Rank and Dense_Rank Function in SQL Server

Rank and Dense_Rank Function in SQL Server

In this article, I am going to discuss Rank and Dense_Rank Function in SQL Server with examples. Please read our previous article where we discussed Row_Number Function in SQL Server with some examples in detail. As part of this article, we are going to discuss the following pointers in detail.

  1. Understanding the RANK and DENSE_RANK Function.
  2. What is the difference between RANK and DENSE_RANK function?
  3. Real-time examples using RANK and DENSE_RANK Function in SQL Server.
RANK and DENSE_RANK Function in SQL Server:

Both the RANK and DENSE_RANK functions were introduced in SQL Server 2005. Again both these functions are used to return sequential numbers starting from 1 based on the ordering of rows imposed by the ORDER BY clause. Let us first understand these functions in detail with some examples and then we will try to understand the difference between them.

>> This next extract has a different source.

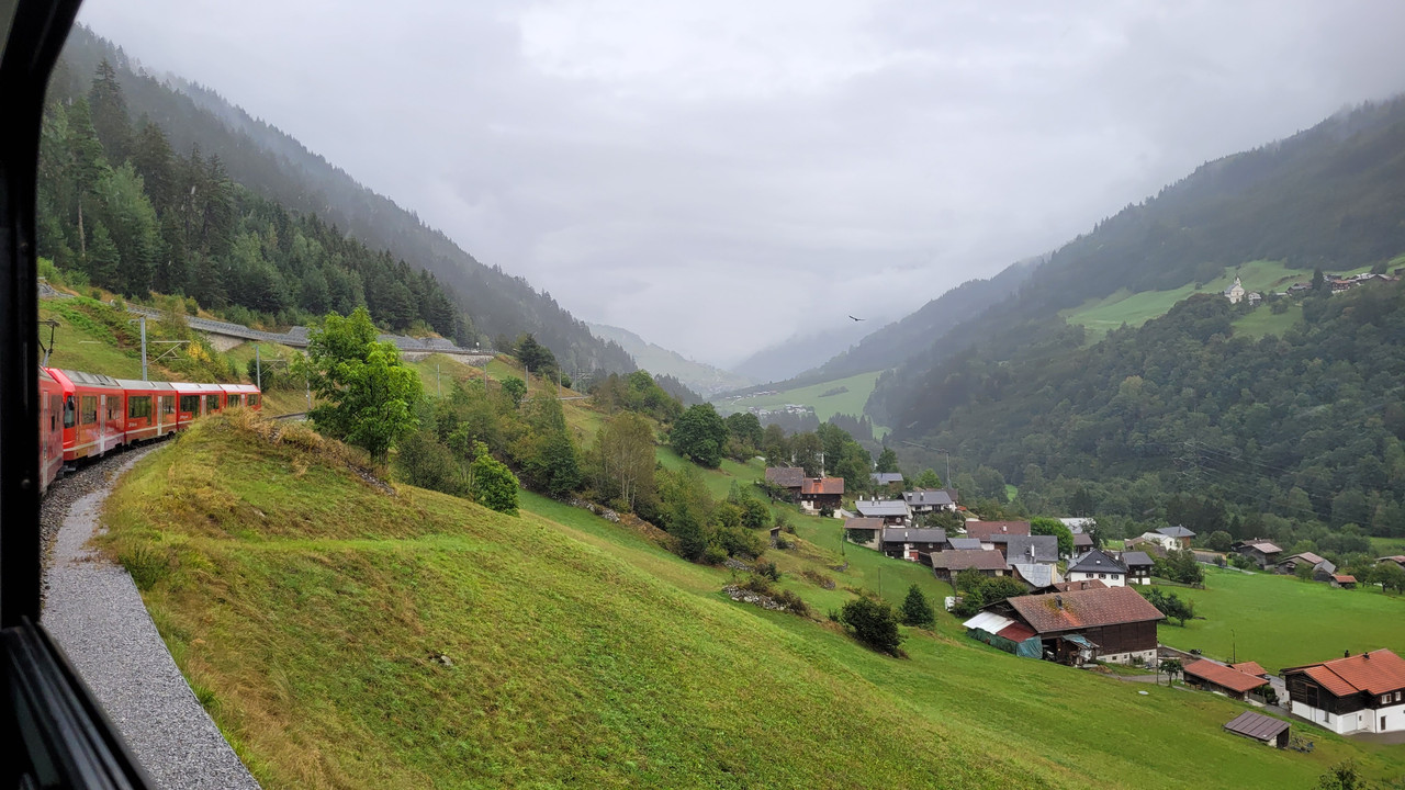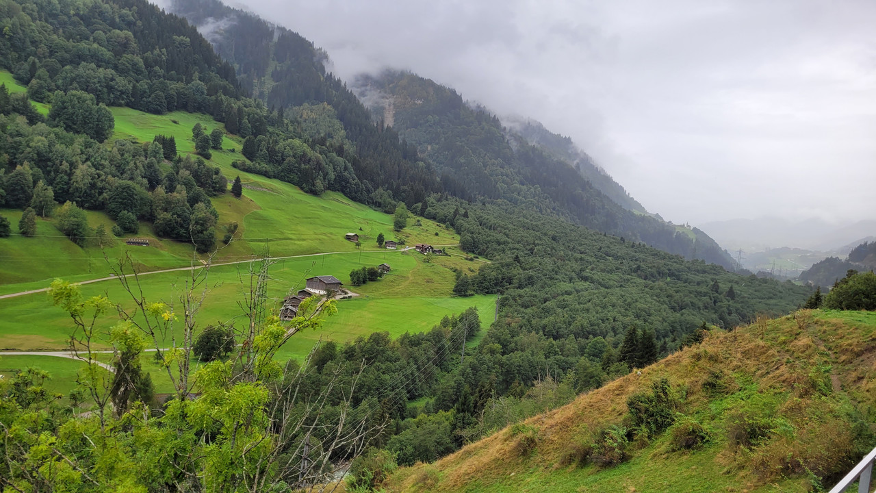 Trun geht es merklich bergauf (vorher auch schon, aber eher „unmerklich“), wie ein/zwei Blicke aus dem (zu öffnenden) Fenster in der Nähe des Dorfes
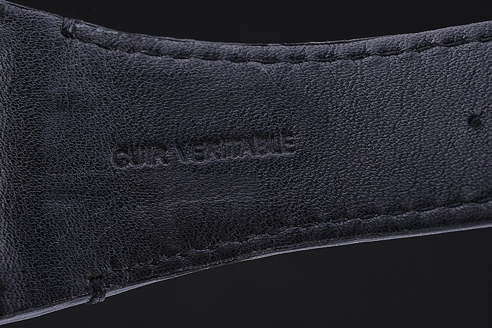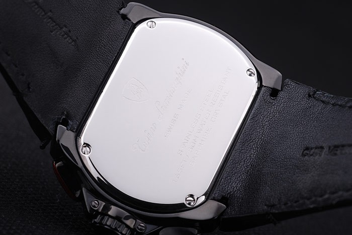 Bracelet de acero inoxidable: correa de cuero Negro con el sello en relieve de calor y el logotipo de Tonino Lamborghini Tonino Lamborghini en relieve y de ion-plateado pliegue grabado -En flip-sobre el gancho clasp

Note: When you have two records with the same data, then it will give the same rank to both the rows.

RANK Function in SQL Server:

The following is the syntax to use the RANK function in SQL Server. As you can see, like Row_Number function, here also the Partition By clause is optional while the Order By Clause is mandatory.

RANK Function in SQL Server:

The PARTITION BY clause is basically used to partition the result set into multiple groups. As it is optional, and if you did not specify the PARTITION BY clause, then the RANK function will treat the entire result set as a single partition or group.

The ORDER BY clause is required and this clause is used to define the sequence in which each row is going to assign their RANK i.e. number. If this is not clear at the moment then don’t worry we will try to understand this with some examples.

The table used in this demo:

We are going to use the following Employees table to understand the RANK and DENSE_RANK function.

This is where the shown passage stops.